Según nuestra hipótesis, la ciencia, en tanto saber anónimo e irrefutable, le
confiere a las acciones públicas el marco de objetividad necesario tras el cual se
encubren no sólo los mecanismos de control y de dominación, sino la satisfacción
de los intereses corporativos y sectoriales que éstos expresan. Sin embargo, el
desenmascaramiento del “argumento científico” ha permitido, no sólo exponer su
origen ideológico, sino exhibir los vínculos estructurales que la ciencia
establece con el poder político y los dispositivos del Estado. Foucault llamó a
este fenómeno “relacionamientos de poder”, siendo que bajo esta expresión se pone
en manifiesto la convergencia entre el “saber” y el “poder”, o bien, valiéndonos
de una expresión conocida; su “alianza estratégica”. En efecto, mientras la
ciencia le confiere al poder un fundamento irrefutable no sujeto a la dialéctica
de la refutación; el Estado, por su parte, le ofrece a aquella su posibilidad de
replicación a través de sus dispositivos por los cuales la ciencia consolida su
hegemonía, piedra basal de los ingentes negocios químicos derivados de la
farmacocracia que los Estados contribuyeron a instaurar. De este modo, los
dispositivos de obediencia y dominación por los que todo Estado garantiza la
reproducción del sistema, alcanzan el grado de estructura “objetiva”. He aquí la
transacción estructural entre la ciencia y el poder; mientras la primera le
confiere al poder la legitimidad que éste necesita para preservarse a sí mismo, el
poder, por su parte, delega en la ciencia los aspectos “técnicos” de la dominación
que aquella ejecuta bajo la forma de “terapias compulsivas”, tratamientos forzosos
de recuperación, y para las cuales, en nombre de la “ciencia” y su misión
salvífica, se legaliza el secuestro de personas y se interrumpen las garantías
constitucionales, justificadas, en este caso, por la “obediencia debida” a razones
de Estado.
Sin embargo, la educación que recibimos y que sólo algunos logran eficazmente
deshacerse de ella, nos condiciona para pensar y proceder como el general de Marco
Aurelio. Ateniéndose a los acontecimientos se pierde de vista el proceso que les
subyace y los determina. Entonces, el mundo se nos presenta bajo una forma
lineal, sucesiva. Primero A, después B y después C, y no ya como los componentes
de un sistema. De esta linealidad, de esta simplificación proceden aquellos
argumentos que vinculan a la droga y a la delincuencia según una relación causal y
necesaria cuando en verdad aquella ecuación se funda en una falla interior y
encubierta. Llamase a este procedimiento argumentativo “falacia del accidente”, y
si bien, desconocido e ignorado por la gran mayoría de quienes bajo su gestión
depende el ejercicio de nuestros derechos fundamentales, aún así lo aplican a
diario. Y de esta aplicación no informada del principio que la gobierna, se
inspiran las acciones públicas, decretos, resoluciones, y otras especies del
ejercicio del poder ¿Deberían acaso nuestros funcionarios recibir instrucción
filosófica y lógica? ¿Deberían acaso requerir el asesoramiento de expertos en
lógica discursiva y argumentativa?
La complejidad que presenta el fenómeno del consumo de sustancias no puede
expedirse invocando recetas y fórmulas. Podemos decir que en la Argentina, al
igual que en todos los países donde rige un prohibicionismo irrestricto, más bien
se ha agravado, y la ausencia de un análisis multidisciplinario es lo que
contribuye a su agravamiento. Pero entre el mayor flagelo originado por el
prohibicionismo, sea tal vez, la invención de la figura del “adicto”.

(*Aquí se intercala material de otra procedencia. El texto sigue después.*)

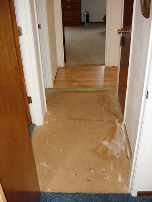 I'll need to cut and chisel the bottoms of each doorway frame along the hallway. With three bedrooms, two closets and one bathroom facing the hall, that will be twelve frames that I'll need to cut slightly above the floor level so that the laminate flooring and the underlay pad can slip under them.

Como vemos, el “adicto” proviene de las grietas del sistema, de sus fallas, de su
propagación, de sus líneas de fuga, de las fabricaciones del aparato de control,
de la acción combinada de los dispositivos de obediencia y de los saberes sobre
los que el Estado legitima su funcionamiento. Puede decirse que el “adicto” es un
producto estatal resultante de la prohibición a la que se suma luego la barbarie
psiquiátrica, las terapias compulsivas, el secuestro de los cuerpos y las mentes
en aquellos centros de recuperación-detención hasta construir aquella fina y
cerrada malla por donde el “adicto”, una vez transformado en despojo y trofeo y
derrocada su condición de sujeto de derecho, cínicamente, perversamente, se lo
obliga a devenir “persona”.
Eso era todo lo que quería decir. No los retengo más. Muchas gracias.